Глеб Сергеевич лежал во весь свой огромный рост, до губ натягивал одеяло. Обычно он в разговоры не вступал, слушал пренебрежительно: ничего от разговоров никогда не меняется. Скажет только: «А может, так надо?» Или: «А может, человеку так хочется?» Но сегодня он чувствовал себя плохо, после нескольких дней улучшения и засветившей было надежды у него опять по вечерам подымалась температура. И то, что жена сегодня не могла прийти — Полина сказала об этом робко, всячески смягчая, — принял спокойно: «Допрыгалась».
— Нет, совесть судом не воспитаешь, — сказал он. — Надя работает, а эта швыряет. А честь одна. И зарплата одинаковая.
— Как это — захотела и ушла? — не мог успокоиться Касвинов. — Как это? Вот прежде…
— От прежде-то все и пошло. Таких воспитали, — не повышал голоса Глеб Сергеевич, но слушали его. — Нет, лишняя это обуза для человека, Совесть, по нынешним временам. Вот я к такому выводу пришел. Сколько было у меня начальников — один только за все время не требовал себе неположенного. А остальные — как личное оскорбление, знать ничего не желают. Чего стыдились всегда, тем гордятся. И уж дошли до того, что хвалимся: не ворую — значит, честный человек.
Солдатов закивал с сердцем. Но тут с крайней койки, и про грелку забыв, поднялся Касвинов, не попадая, нервно продевал руки в рукава халата. Свой протест он только этим и мог выразить — не присутствовать. И вышел.
— Мне что, — вслед ему сказал Глеб Сергеевич, — я пенсионер. Два месяца в году имею право работать, а больше мне и не надо. Не я набиваюсь, меня зовут.
Как многие фронтовики, Николай Иванович делил людей просто: что ты делал во время войны, где был? А если на фронте, так тоже — где? Жизнь солдата на передовой и где-нибудь при тыловом штабе — это две разные войны. Когда его ранило первый раз и ночью вытащили с поля боя — только ночью и удалось вытащить из-под пулеметного огня, а уже шинель вмерзла в лед, уже обессилел, не надеялся — и потом трясли по лежневке с бревна на бревно, вытрясая сознание, а в медсанбате, в теплой избе (после холода окопного, кромешной тьмы) — свет электрический от аккумуляторной батареи, и за дощатой переборкой лаются писаря, старший писарь грозит: «Все вам рис жрать с мясными консервами да гречку! Вот посажу вас на пшенку, как на передовой, и сам сяду на нее для примера…» — и все это, пока его резали на столе, осколки доставали.
Глеб Сергеевич во время войны был начфином дивизии. Его фронт — деньги выдавать и обратно принимать их в фонд обороны.
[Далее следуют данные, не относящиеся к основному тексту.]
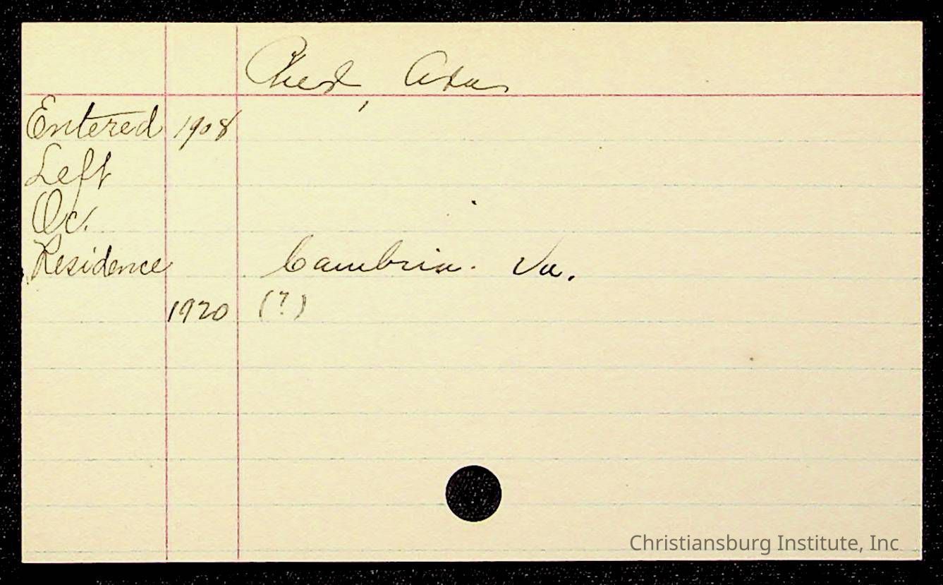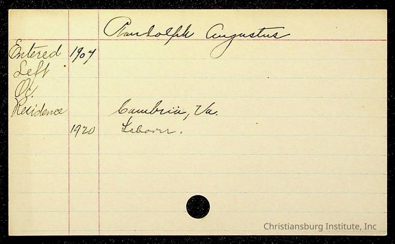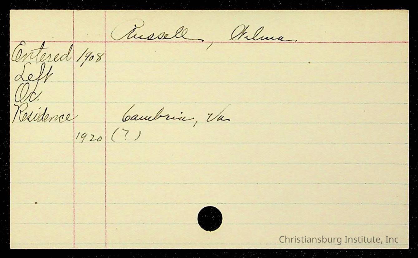 Copyright has been assigned to Christiansburg Institute Museum & Archives by Montgomery County Public Schools. For permission to publish materials created by the donor, contact CIMA@christiansburginstitute.com. Materials not created by Christiansburg Industrial Institute may still be under copyright.

Рассказывал он вещи диковинные, какие Николай Иванович и представить себе не мог: как с фронта отправил в посылке бутылку водки отцу в Москву (он своих положенных ста граммов не пил) и бутылка эта дошла; как отец, хорошо упаковав, прислал ему на фронт стекло для керосиновой лампы, чтобы светлей было писать ведомости, и стекло дошло целое… Вот такая неслыханная для солдата война. Но сейчас близок ему по душе этот человек и интересен, ближе всех в палате.